Skagit News, March 4, 1884
Volume 1, Issue 1 [Published on Tuesdays]
Publisher William Cox Ewing
(William C. Ewing)
William C. Ewing, 1904. Courtesy of Marilyn Price-Mitchell

      Ewing was a descendant of one of the most famous political and military families in America. If you are a subscriber to our separate Subscribers Edition online, you will read in Issue 17 about several generations of the Ewing family and you will also learn about U.S. politics and government in the 19th century; the family's influence on Abraham Lincoln, the defense of Dr. Samuel Mudd and President Andrew Johnson; Washington territory and the first successful ascent of Mount Rainier. Ewing founded the Skagit News, the first newspaper in Mount Vernon, on March 4, 1884. and published it until Sept. 29, 1885. That story will be shared on the free homepages later. If you are not yet a subscriber, here is how to subscribe. If you are a subscriber, you can go to the main page for the current issue and check Issue 17 for the Ewing link.
Field notes
      Mount Vernon Road proposed. Continuous road should be completed from the Samish river to the Skagit river, joining the north road from McPherson's logging camp on the Samish, connect to Gage's Landing. Gap only two miles now.
      [Ed. note: William Gage had the first logging camp in what is now Mount Vernon in the mid-1870s. Researcher Tom Robinson places that original camp somewhere around what we now call Carnation Plaza at the site of the old condensery. That means that Gage's claim would have bordered on the north what was Jasper Gates's claim, which covered what is now the core of downtown Mount Vernon.

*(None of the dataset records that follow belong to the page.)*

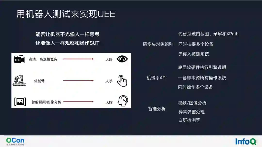 首先,可以使用高清、高速摄像头模拟人的眼睛,引入摄像头的对象识别机制,代替原有存在系统内截图、录屏和 XPath,做到无侵入被测系统;其次,用机械手模拟人的手指,包括一些伸缩、滑动动作,这里封装一套机械手的操控 API,并且它要实现底层软硬件执引擎透明,既可用机械,手也可用传统软件层执行;最后,通过算法代替人脑智能分析,实现视频 / 图像分析、异常弹窗处理、白屏检测等。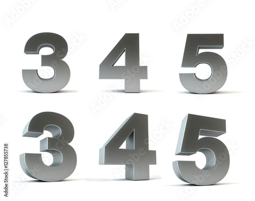 Obraz premium 3d rendering of the numbers 3 4 5 in brushed metal on a white isolated...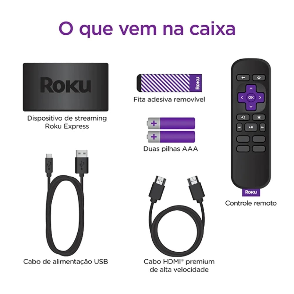 O Roku Express inclui um cabo HDMI® de alta velocidade e um controle remoto fácil de usar. Não há taxa mensal de equipamento nem contratos, e a pesquisa imparcial torna fácil encontrar entretenimento gratuito ou a custo mais baixo.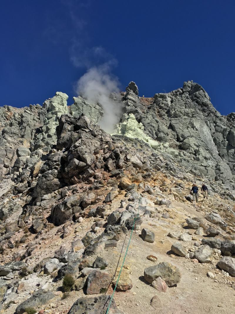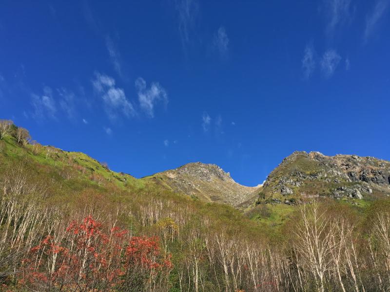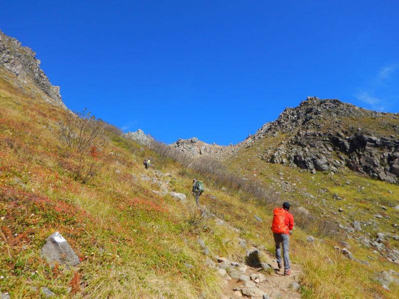 広場で小休憩を取り、目の前に見えた焼岳山頂を目指します。白樺の生えた笹道を進み、序所に岩場道が現れてきます。風も無く安定した天候が続き、歩いてる最中は半袖でも良いくらいでした。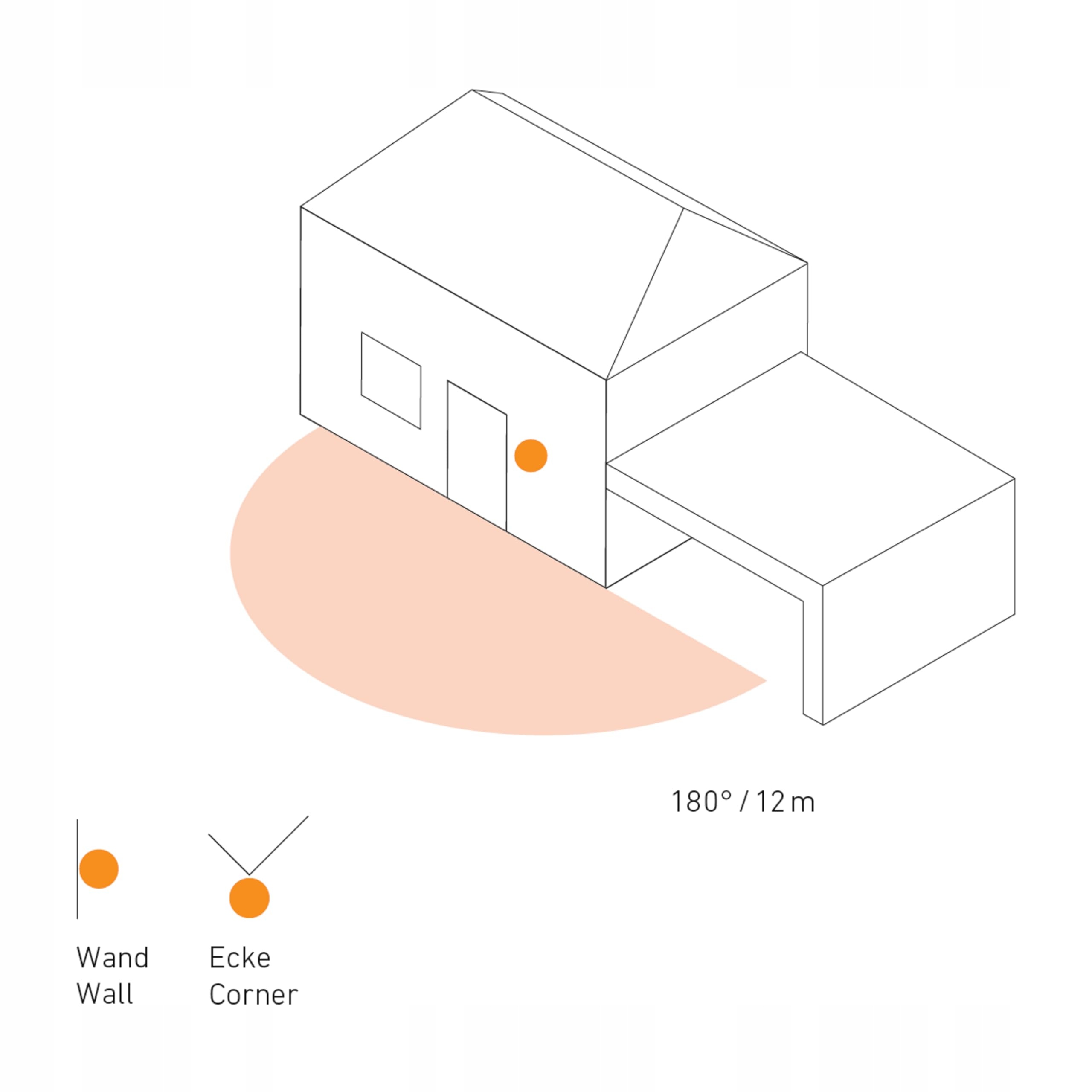 Zasięg można ustawić, obracając soczewkę wieloogniskową do maks. 12 m lub maks. 5 m, czas (5 s - 15 min) oraz próg zmierzchu (2-2000 lx) regulowane są płynnie za pomocą pokrętła

That is also almost exactly parallel to the bottom of the upper log jam that clogged the river up until about 1880. Gates brought his family from Whidbey island on the famous 1870 trip on the sternwheeler Linnie. See the website about the 1869-71 settlers of the future Mount Vernon area.]
      [Ed. note: Re: the Landing referenced above, we presume that was located on the slough later named for William Gage, north of the Skagit. Tom Robinson suggests: "I don't know precisely where the second camp was, but I know that it was on Gage's Lake (clearly named after him), which is really just a big pond. It's the one you drive past not far from the southern end of the Pulver Road. The lake must once have connected to the river just about where the Pulver Road runs into it." See another note about Pulver in the March 11 and March 25 issues.]

Other editorials

March 11, 1884
Volume 1, Issue 2
Field notes

(Mount Vernon Waterfront 1884)
      This photo supplied by reader Larry Harnden shows a view of the Mount Vernon waterfront on the Skagit river as we look northeast. The building at the right center with a group of men standing before it is Ruby Hotel, opened by Michael McNamara to house some of the argonauts of the short-lived 1880 gold rush on Ruby creek, a tributary of the upper Skagit. We believe that the building at the far left is the Mount Vernon House, owned by Brann and Moran. See the ads above for both.

March 18, 1884
Volume 1, Issue 3
Field notes: Downriver
Rev. B.N.L. Davis
      [Rev. Davis, a Baptist minister from Tennessee, was one of the most colorful characters among the earliest pioneers of the valley. Born in Tennessee on November 20, 1849, Brisbane Napoleon Longinus Davis came to the Skagit valley in 1873 as an itinerant preacher along with his brother J.R.H. (Harvey) Davis. Along with his calling, Davis had a knack for making money. He staked a claim on the south side of the Skagit river, which stretched from the old concrete pilings still in the river from the Interurban days, east to Hoag Hill, named for the family who lived there after Davis's death. He is considered the second upriver settler, arriving a year after Alvin H. Williamson, who planted hop farms near present-day Lyman. Davis leased Williamson's ranch in 1880 when the owner was ill and made a killing on the hops, which were sold to British beer makers. He built his stone and wood house on Hoag Hill a year later and went back to Tennessee and married Doliska Cockreham. In 1885 he built a magnificent barn for the Holstein cattle that he introduced to Skagit county. He died at his home on May 8, 1891, at the age of 41 after contracting influenza while ministering to an elderly woman in his flock.
      Dick Fallis, who published the old Puget Sound Mail in LaConner and self-published a book about Davis, shares his wonderful Davis biography on Dan Royal's fine website. Included is a wonderful item about Davis from his early days when he preached at the old Harmony Church. He explained his unique method of visiting his parishioners:

      "I have to wade much of the way; the water was up to my knees, and my long stick is to protect me from the pits." (Holes washed out by the tides.) The interviewer asked: "You must have to start early; they tell me you have to walk eleven miles." "Yes," he replied, "I start before daybreak. When I get my chores done, I take my lantern and start out." Asked if he had lost his lantern, he replied: "Oh, no; when it gets to be daylight I set my lantern down on a root or stump, and then pick it up on the way back home."]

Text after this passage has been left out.